One of the last friends I got to hang out with before lockdown hit was Kim Stanley Robinson, an enormously talented writer and incredibly kind and smart person. Stan told me that he’d just finished a major novel, maybe the major novel of his life, called Ministry for the Future, and that next he was going to write his “Sierra book,” a book about the Sierra Nevada mountain range. He said he thought it might be his last book.

https://www.littlebrown.com/titles/kim-stanley-robinson/the-high-sierra/9780316306812/

Not in a morbid sense, you understand. Rather, I got the impression from Stan that if once he’d published Ministry — a book that plots a plausible course through the climate emergency and out the other side — and the Sierra book, he’d have said everything he had to say, written all of us all the letters he needed to write to tell us all the things he wanted us to know.

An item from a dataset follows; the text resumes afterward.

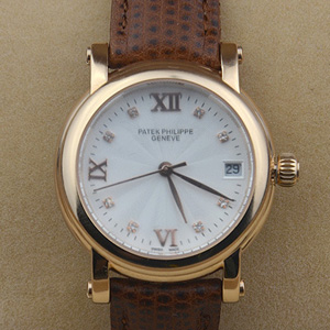 品牌:百達翡麗女款機芯:瑞士石英機芯 材質:高硬度耐磨藍寶石鏡面,全鋼錶殼,玫瑰金色錶圈,真皮錶帶,卡針扣,白色錶盤,金色錶針,鉆石刻度功能:3針計時,日歷顯示尺寸:錶殼31.8mm,厚度9.9mm ,重量40g標誌:錶面、錶背、錶帶處有品牌標誌防水:生活防水(生活防水即:防賤發、雨水等壹類遇水時間短,壹過性的遇水情況,遇水請及時甩幹或抹幹)保修:機芯壹年保修,機芯以外的其他手錶配件不在保修範圍,此為手錶行業保修慣例,如有其他延期保修服務,請聯系店主咨詢。
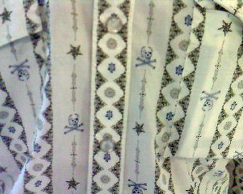 I thought I'm the only one who like skull printed things. But it turns out that some close people around me also seem to 'absorb' the idea as well. Like the other week while having a lunch with my friend, A, I don't realise that the shirt that he's wearing is not just a printed vertical stripes. I did compliment on the shirt coz it looks cool... but when I looked closer, I was about to scream 'hey, skull!!!' when I see the in-between stripes are actually skull (I think I did said out loud that day, haha!). I asked him where did he get it? It's from Juicy Couture, New York - he bought it while having a fashion internship there quite some time ago. Btw, I think it's cool. =)

Ministry was a triumph, as I knew it would be. Stan is an incredible novelist and a profound and insightful environmentalist. He’d been circling the themes in Ministry for decades and this is the book where he lands his bullseye. It’s a book that’s making a difference in the world. He’s just come back from India, where he met with the Dalai Lama to discuss its messages.

https://pluralistic.net/2020/12/03/ministry-for-the-future/#ksr

Ministry is brilliant, in a way that I entirely expected it to be, because I know the part of Stan Robinson that produced that book pretty well. But I didn’t know what to expect of the Sierra book. I knew Stan was wont to disappear into the Sierras for weeks at a time, and I knew those trips informed the lyrical — even transcendental — pastoral passages in his fiction. But I’m not much of an outdoors person. I like the wild places, visit them when I can, but it’s a rare thing for me to get up and wish I was in the wilderness.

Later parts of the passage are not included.